Not only 29, but also 41, 43, 62, 64, 71, 76, 83, 92, 97 and 104 are valid bases for pseudoprimality of 105.

## Using pari to find valid bases for pseudoprimes(contd)

In Z(i) (20 + 21*i) and (21 + 20*i) are valid bases for pseudoprimality of 105. Needless to say their conjugates are also valid bases.

## Using pari to find valid bases for pseudoprimes(contd)

I was looking for something predictable in finding valid bases for pseudoprimality of 105. Happy to say that I succeeded: starting from 41, 41 + 21*k, where k belongs to N are valid bases; exceptions - integers ending with 0 or 5. Needless to say there are bases other than these.

## How to find valid bases for pseudoprimes in Z(i)

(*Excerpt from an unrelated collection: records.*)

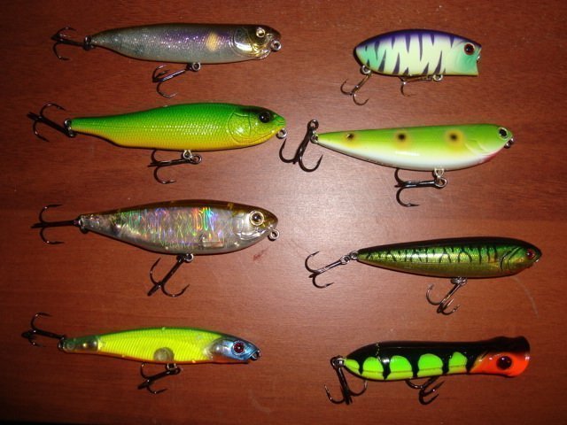 В этот класс приманок входят следующие виды: уокеры, попперы, саб-уокеры, пропбейты. Окунь ловится на все виды этого класса, но есть смысл остановиться на уокерах и попперах. Это два вида приманок, которые дополняют друг друга. Если окунь берет поверхностные приманки, то имеется возможность расширить возможности как одного, так и другого типа. Дело в том, что окуню может не понравиться, что поппер создает много шума и тут выручит уокер. Если шума недостаточно и окунь вяло реагирует на уокер, то следует запускать поппер. Самый оптимальный размер топ-вотеров на окуня лежит в пределах 65 мм.
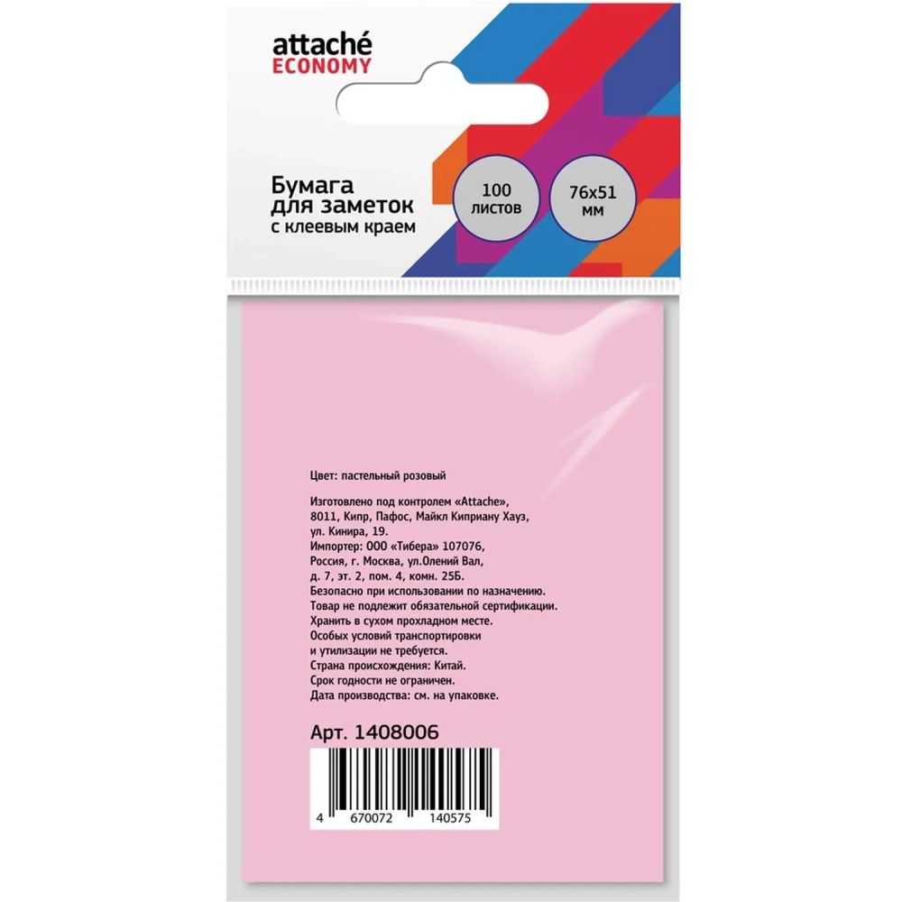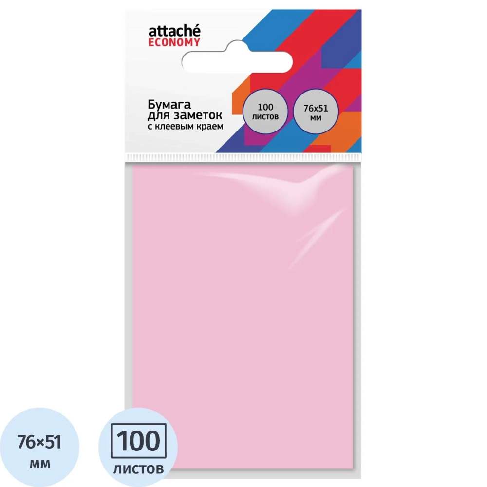Бумага для заметок с клеевым краем Economy 76x51 мм, 100 л, пастел розовый
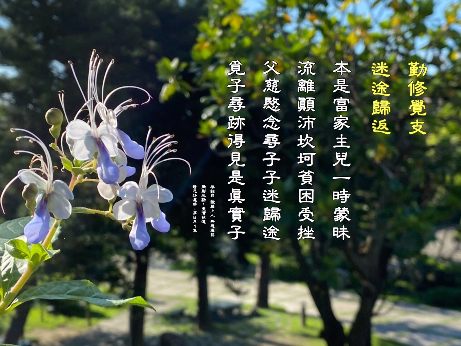我們聽法有一段時間了,對於法是否能用心體會?或還是原地踏步?我們原本也是生在富有的家庭,是富家子,但在外流離顛沛很久,流落五道,忘了慈父的思念與悲愁,我們有著辛苦的形態,使得慈父須尋子,讓窮子返回本家。
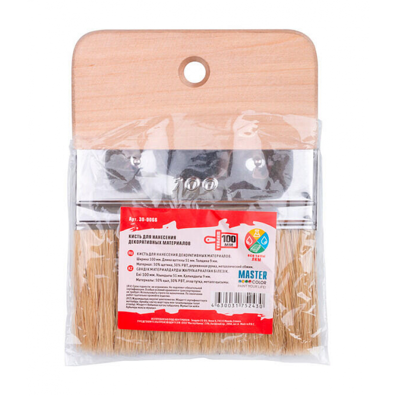 Кисть для декора MASTER COLOR шириной 100 мм — профессиональный инструмент для художественных и отделочных работ. Изготовлена из комбинированной щетины, сочетающей натуральные и синтетические волокна, что обеспечивает оптимальное удержание краски и равномерное нанесение. Длина щетины составляет 51 мм, что позволяет работать с различными типами материалов и текстур. Эргономичная деревянная ручка обеспечивает комфортный захват и контроль во время продолжительной работы.
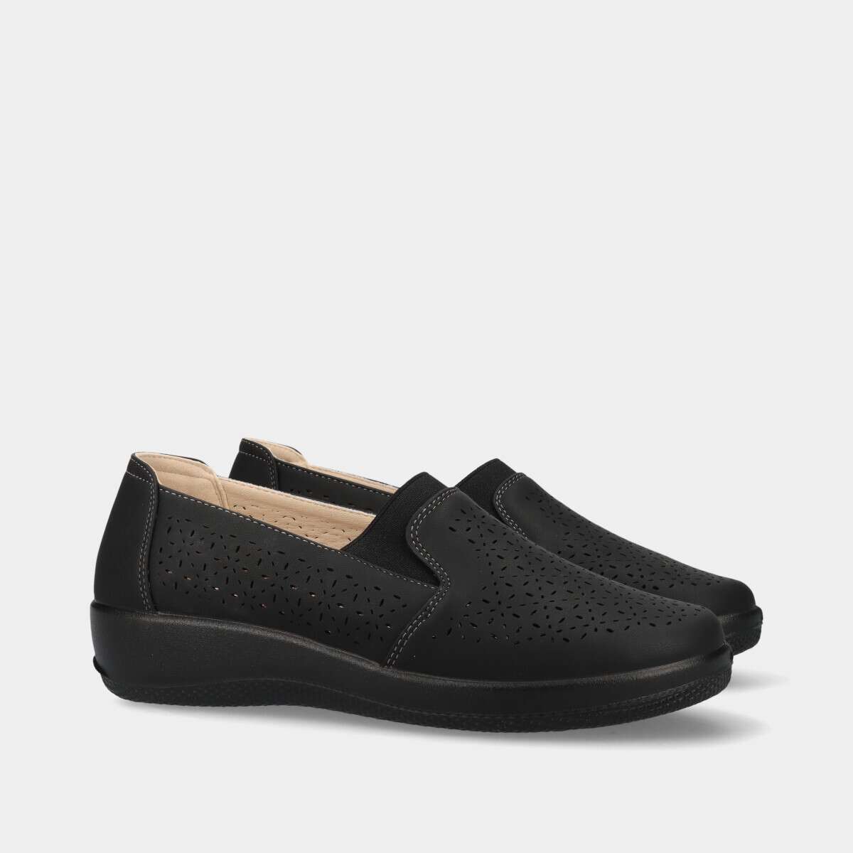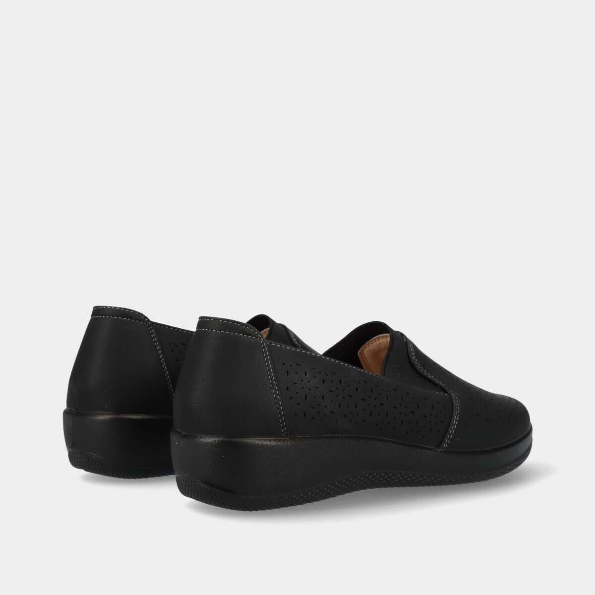 Sapato confortável na cor preta com elástico no peito do pé para fácil ajuste.

We can use pari. There is another way: Take a known base for pseudoprimality of a composite number. Split it into two parts such that one part is exactly divisible by one or more prime factors of the given composite number and the other is exactly divisible by the remaining prime factor/s. Let any one of the two parts be the real and the other be the coefficient of i in the complex base. Example: 29 is a base for pseudo -primality of 105 in Z. 29 can be split into two parts 14 and 15. 14 is divisible by 7 and 15 is divisible by 3 and 5. Hence 14 + 15i and 15 + 14i are valid bases in Z(i). Needless to say conjugates of these two are also valid bases.